NADAL RITROVA THIEM
Rafa supera Sock: QF con Dominic

Normale amministrazione. In un’ora e 20 minuti Rafa Nadal si è qualificato per i quarti di finale agli Internazionali BNL d’Italia in corso al Foro Italico. Al terzo turno il 30enne mancino di Manacor, numero 4 del ranking mondiale e quarta testa di serie, già sette volte trionfatore a Roma (l’ultima nel 2013), ha sconfitto per 63 64 lo statunitense Jack Sock, numero 14 del ranking mondiale e tredicesima testa di serie. Prossimo avversario per lui – incredibile ma vero, per la terza volta negli ultimi tre tornei – l’austriaco Dominic Thiem, numero 7 del ranking mondiale ed ottava testa di serie. I due si sono infatti affrontati in finale a Barcellona ed ancora in finale a Madrid ed ha sempre vinto Rafa che nel bilancio complessivo dei precedenti è in vantaggio per 4-1 sul 23enne di Wiener Neudstadt.

Rafa si è aggiudicato tutti e tre i confronti precedenti. La cronaca. Lo spagnolo è partito subito forte grazie ad un break al secondo gioco, confermato poi (dopo aver salvato una palla-break) grazie ad passante di rovescio incrociato da paura che ha accarezzato la riga (3-0). Per il resto del set è stato il servizio a dettare legge: da segnalare però un paio di diritti al salto dell’americano spettacolari quanto efficaci. Nadal ha chiuso per 63 il primo parziale e di slancio ha preso un break di vantaggio anche in avvio di seconda frazione ma Sock ha immediatamente recuperato (1-1). Nel quarto gioco Rafa si è trovato in difficoltà ma ha recuperato bene dallo 0-30. Chirurgicamente il break per il maiorchino è arrivato nel nono game: il 24enne di Lincoln è andato sotto 0-40 e lo spagnolo è andato a servire per il match. Ed ha completato l’opera vincendo il terzo game di fila aggiudicandosi 12 degli ultimi 13 punti giocati.
E’ sempre una cosa positiva riuscire a battere Jack, perché lui è davvero un buon giocatore: colpisce forte la palla e con un grande spin – ha detto lo spagnolo -. Nel primo set ho cominciato bene, ed anche nel secondo, solo che li lui ha giocato dei punti davvero buoni ed io ho servito male. Ma ho finito la partita giocando in modo aggressivo e servendo bene. Ad ogni modo sono soddisfatto. So che posso giocare in modo un po’ più aggressivo di come ho fatto stasera e credo che dovrò farlo. Stanco dopo Madrid? Sono qui per fare del mio meglio. So che è un torneo duro. E non ho di certo un tabellone facile: nei quarti contro Dominic (Thiem; ndr) sarà un’altra battaglia”.

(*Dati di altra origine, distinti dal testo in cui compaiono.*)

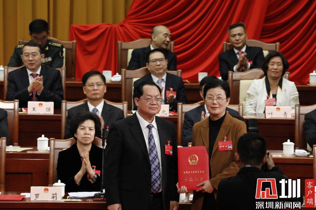 深圳市人大常委會主任駱文智(左)為新當(dāng)選的市人大常委會副主任裴蕾(右)頒發(fā)當(dāng)選證書。

Bilancio stagionale da favola per il maiorchino: 37 vittorie contro 5 sconfitte e quarta posizione nel ranking. Che diventa da fantascienza se parliamo solo del “rosso”, dove ha vinto 17 match su 17 e perso solo 2 dei 35 set giocati. Battendo Thiem sulla terra madrilena, Rafa ha messo in bacheca il trofeo numero 72 – su 107 finali disputate – risultato che lo piazza al quinto posto della classifica all-time preceduto solo da Jimmy Connors (inarrivabile con i suoi 109 titoli), Ivan Lendl (94), Roger Federer (91) e John McEnroe (77), mentre nella classifica dei tornei Masters 1000 lo spagnolo, a quota 30 trofei (di cui 23 sulla terra), recordman insieme a Novak Djokovic (terzo è Federer con 26). E se la sfida per il GOAT – il virtuale titolo di più grande di tutti i tempi – vede Federer in netto vantaggio soprattutto dopo quanto fatto vedere in questa prima parte di 2017, se parliamo di terra battuta però non c’è proprio partita. Rafa è diventato il primo tennista nell’Era Open (cioè dal 1968) a vincere per dieci volte lo stesso torneo – e lo ha fatto 2 volte: a Monte-Carlo e a Barcellona – ed il primo giocatore a conquistare 52 titoli sulla terra, staccando definitivamente l’argentino Guillermo Vilas con 49 (ancor più lontani Muster con 40 e Borg ed Orantes con 30). E poi sul “rosso” il 30enne Mancino di Manacor vanta un bilancio pazzesco: 383 match vinti contro appena 34 sconfitte, che vuol dire una percentuale superiore al 92%. L’obiettivo prossimo è l’ottavo titolo a Roma.